Li's port deal has also drawn veiled criticism from some of the most important politicians of Hong Kong. Leung Chun-ying , who served as the city’s chief executive from 2012 to 2017, said in a Facebook post Monday that business leaders who lack the support of their home countries will end up as orphans, bullied by others. Leung is currently vice-chairman of China’s top political advisory body, placing him among the country’s national leaders. Without naming Li or CK Hutchison, Leung criticized “some Hong Kong business leaders” for putting business interests ahead of their country’s. Hong Kong’s current leader also weighed in, saying the “widespread discussions” on the issue reflected society’s concern about the issue. “These concerns deserve serious attention,” he said. John Lee in his weekly press conference in response to questions about the sale.

Despite Beijing's heat, Li's conglomerate is relatively insulated from Chinese pressure, with only 12% of CK Hutchison's revenue coming from operations in mainland China and Hong Kong. Europe, North America and Australia make up most of the rest.

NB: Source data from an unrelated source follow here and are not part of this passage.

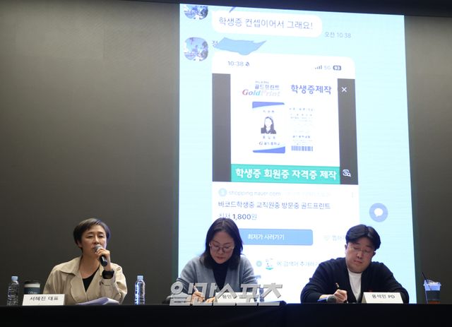 서 대표는 이어 문제가 된 바코드 디자인 지원자 프로필에 대해 “엄청난 오해가 있다”며 카톡을 공개했다. 이 카톡에는 학생증 사진이 담긴 링크와 채팅 참여자가 “학생증 콘셉트라 그래요”라고 디자인에 대해 설명하는 부분이 담겼다.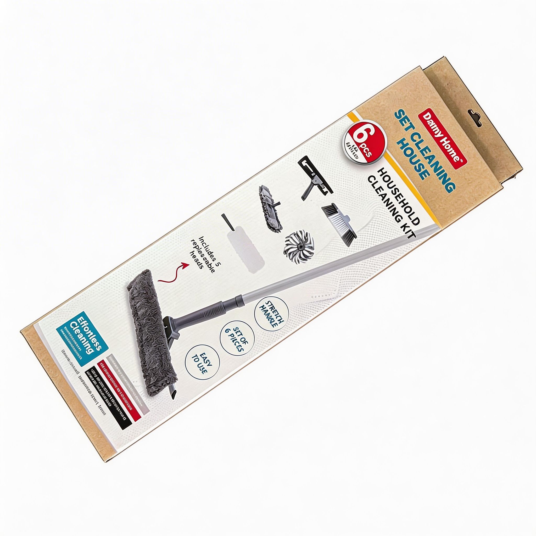 Mantén tu hogar impecable con este práctico set de limpieza de 6 piezas, diseñado para cubrir diferentes necesidades en una sola solución. Incluye herramientas esenciales que te permiten limpiar pisos, superficies y rincones de forma eficiente, facilitando las tareas del día a día en el hogar.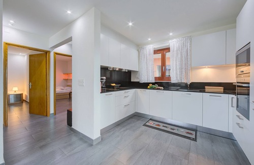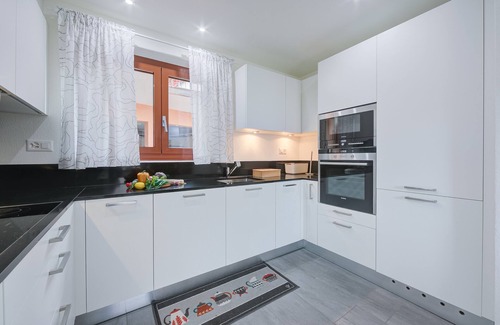 Inside, the 2-bedroom apartment has a very spacious and modern living complete with large windows for lovers of natural light and a cushy leather sofa with a large flat-screen TV to unwind. Adjoining this area is the elegant kitchen and dining area for carefree in-house dining. In the modern kitchen of the apartment, you will find everything at your disposal for a hassle-free self-catered stay; a dishwasher, microwave, oven, fridge and coffee machine are available for our guests here. A washing machine and ironing facilities are also available for extended stays in Lugano!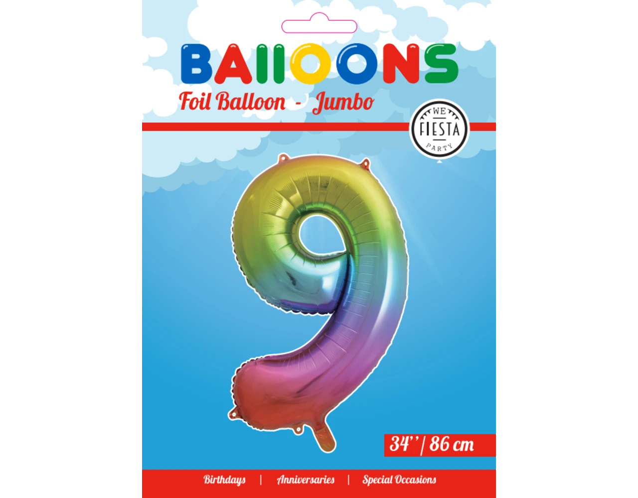 Verpakkingsinhoud: Folie Ballon Cijfer 9 Regenboog XL 86cm leeg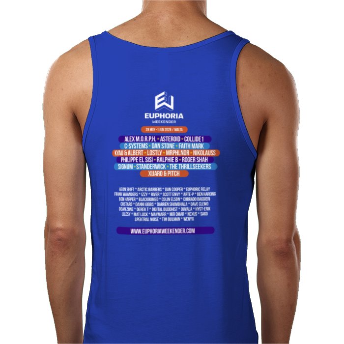 EW 2026 Blue Men's Tank Top with front logo and the DJ line-up on the back.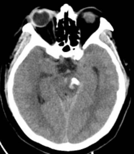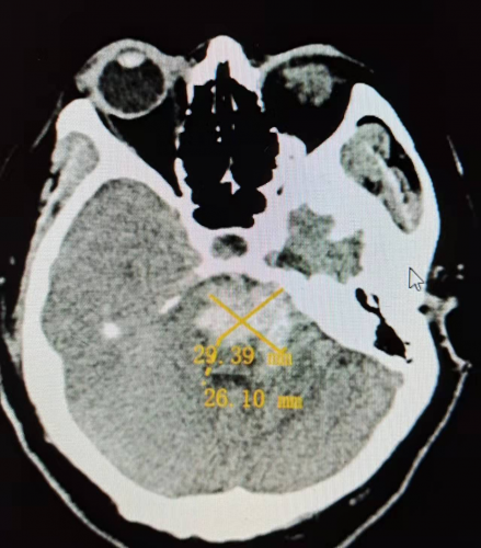 入院6小时后,经积极术前准备,在全麻下实施方体定向置管脑干血肿穿刺抽吸急诊手术,术中抽出陈旧性血肿5ml,术后次日尿激酶注入,持续引流脑干血肿,术后第一天复查CT可见血肿大部分已清除。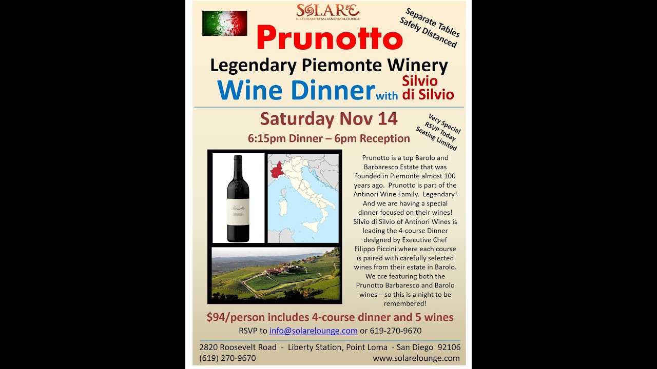 Announced! Italian Wine Dinner with Prunotto Estate in Piemonte + Italian White Truffle Dinner at Solare on Saturday, November 14, 6pm.

China's Counterattacks in Trump's Trade War

Meanwhile, China is in full counterattack in the tariff war started by Trump: it has imposed reciprocal duties on some US goods, while it has banned the American producer of genetic technologies Illumina Inc. to import more machines into China, effectively hindering the company's growth in mainland China. PVH Corp., the parent company of Calvin Klein , has been added to a blacklist. More recently, Chinese authorities have summoned executives of Walmart Inc. following reports that the retailer pressured Chinese exporters to accept the costs of increased tariffs, warning them not to intimidate local suppliers.